:: RECORDS FOR THE TASK
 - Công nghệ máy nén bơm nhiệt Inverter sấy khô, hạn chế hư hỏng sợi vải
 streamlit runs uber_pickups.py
::::
:: RECORDS FOR THE TASK
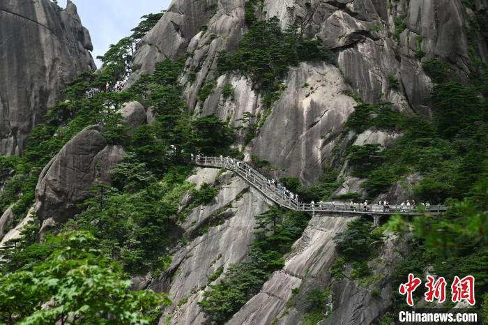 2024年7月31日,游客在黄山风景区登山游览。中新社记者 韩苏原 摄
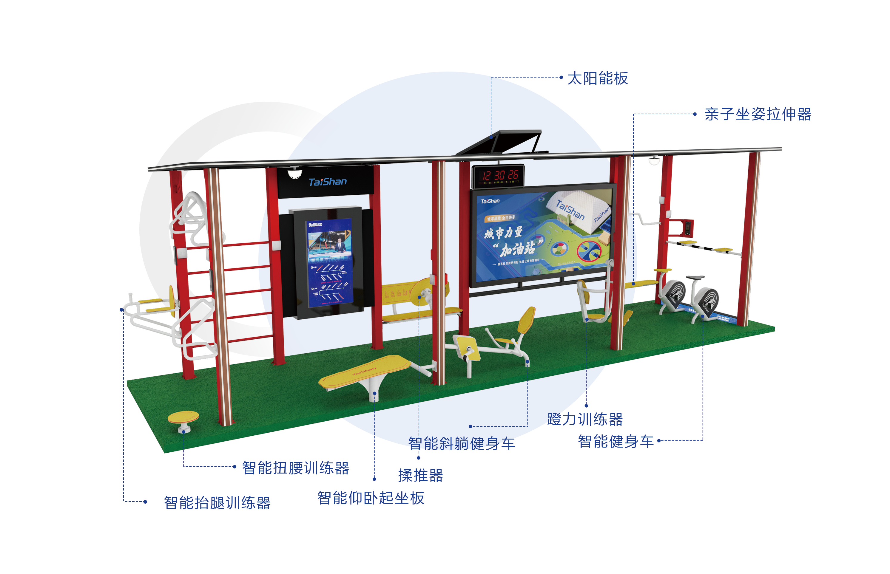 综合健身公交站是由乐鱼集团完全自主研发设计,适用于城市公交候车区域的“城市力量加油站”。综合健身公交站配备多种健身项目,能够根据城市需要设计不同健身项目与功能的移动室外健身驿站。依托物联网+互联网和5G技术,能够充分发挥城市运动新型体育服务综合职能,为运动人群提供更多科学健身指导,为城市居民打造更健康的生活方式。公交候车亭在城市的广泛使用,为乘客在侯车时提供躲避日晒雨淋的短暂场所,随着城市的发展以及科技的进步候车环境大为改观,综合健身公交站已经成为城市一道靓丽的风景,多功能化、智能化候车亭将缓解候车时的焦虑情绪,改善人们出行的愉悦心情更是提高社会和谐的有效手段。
::::
:: RECORDS FOR THE TASK
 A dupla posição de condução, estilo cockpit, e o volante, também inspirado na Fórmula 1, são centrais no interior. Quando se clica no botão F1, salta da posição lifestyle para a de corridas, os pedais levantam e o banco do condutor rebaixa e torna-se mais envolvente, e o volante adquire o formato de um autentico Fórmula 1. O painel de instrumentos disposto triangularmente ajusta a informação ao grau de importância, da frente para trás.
::::
**PROMPT:** Return word for word the lines above from the line with "- Công nghệ" to the line with "streamlit runs uber_pickups.py", including both and leaving out all others.

**YOUR RESPONSE:**
 - Công nghệ máy nén bơm nhiệt Inverter sấy khô, hạn chế hư hỏng sợi vải
 streamlit runs uber_pickups.py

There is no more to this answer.